**Exercise goal:** Pictures excluded, please transcribe exactly the lines from the one with "С помощью специализированного" through the end of the records below, and nothing more.

Records from a dataset:
##########

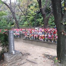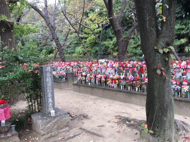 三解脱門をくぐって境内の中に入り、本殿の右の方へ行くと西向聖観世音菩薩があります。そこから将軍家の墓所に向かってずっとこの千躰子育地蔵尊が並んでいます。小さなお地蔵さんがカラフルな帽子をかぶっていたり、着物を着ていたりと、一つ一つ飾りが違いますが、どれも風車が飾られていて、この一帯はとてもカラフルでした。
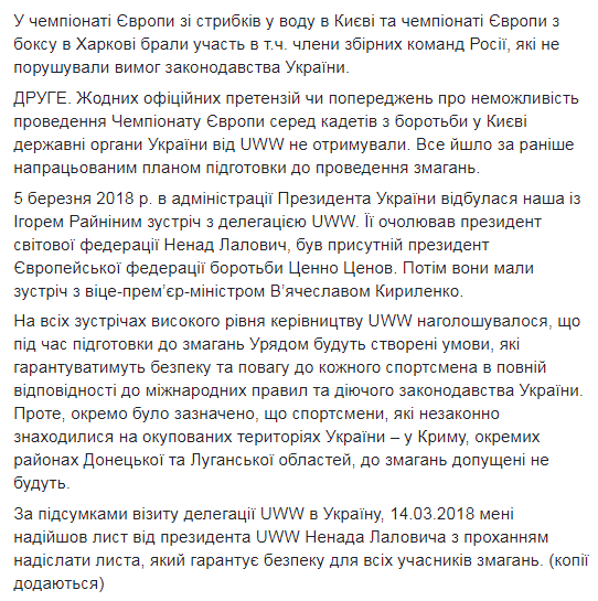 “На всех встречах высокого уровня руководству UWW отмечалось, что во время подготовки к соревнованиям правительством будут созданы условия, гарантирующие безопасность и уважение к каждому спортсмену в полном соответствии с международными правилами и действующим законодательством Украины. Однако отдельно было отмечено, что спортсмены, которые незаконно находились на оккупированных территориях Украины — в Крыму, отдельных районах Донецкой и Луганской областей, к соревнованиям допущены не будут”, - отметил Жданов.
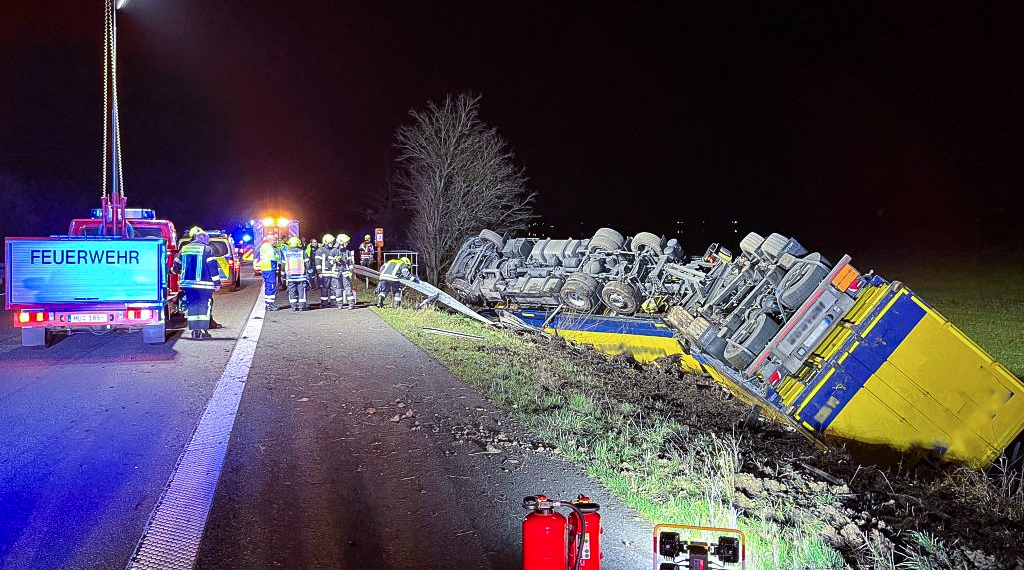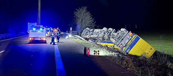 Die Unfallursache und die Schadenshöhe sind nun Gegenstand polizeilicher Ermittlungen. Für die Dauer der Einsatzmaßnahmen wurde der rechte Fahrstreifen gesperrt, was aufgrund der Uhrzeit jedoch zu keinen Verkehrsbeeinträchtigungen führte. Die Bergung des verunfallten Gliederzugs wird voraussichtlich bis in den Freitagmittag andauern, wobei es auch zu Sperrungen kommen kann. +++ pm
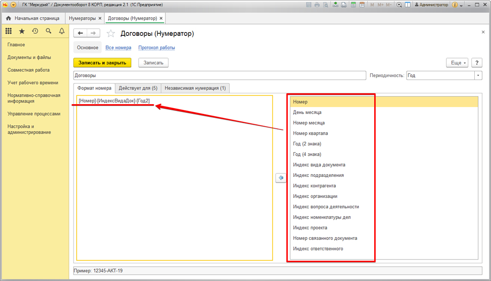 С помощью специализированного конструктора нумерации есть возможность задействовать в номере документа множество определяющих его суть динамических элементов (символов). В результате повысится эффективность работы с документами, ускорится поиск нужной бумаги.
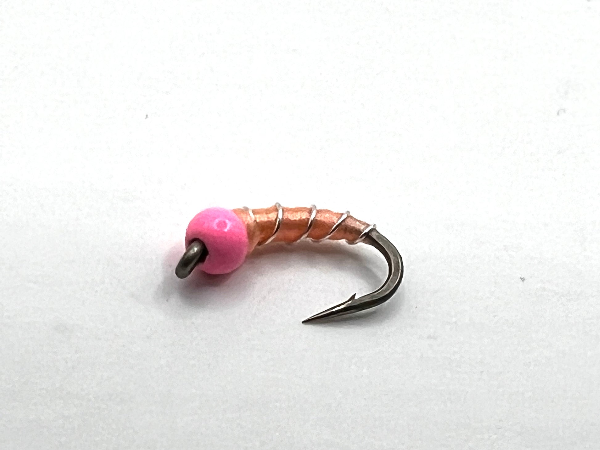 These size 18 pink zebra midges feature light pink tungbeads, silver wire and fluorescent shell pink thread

##########

**Final answer:**
 С помощью специализированного конструктора нумерации есть возможность задействовать в номере документа множество определяющих его суть динамических элементов (символов). В результате повысится эффективность работы с документами, ускорится поиск нужной бумаги.
 These size 18 pink zebra midges feature light pink tungbeads, silver wire and fluorescent shell pink thread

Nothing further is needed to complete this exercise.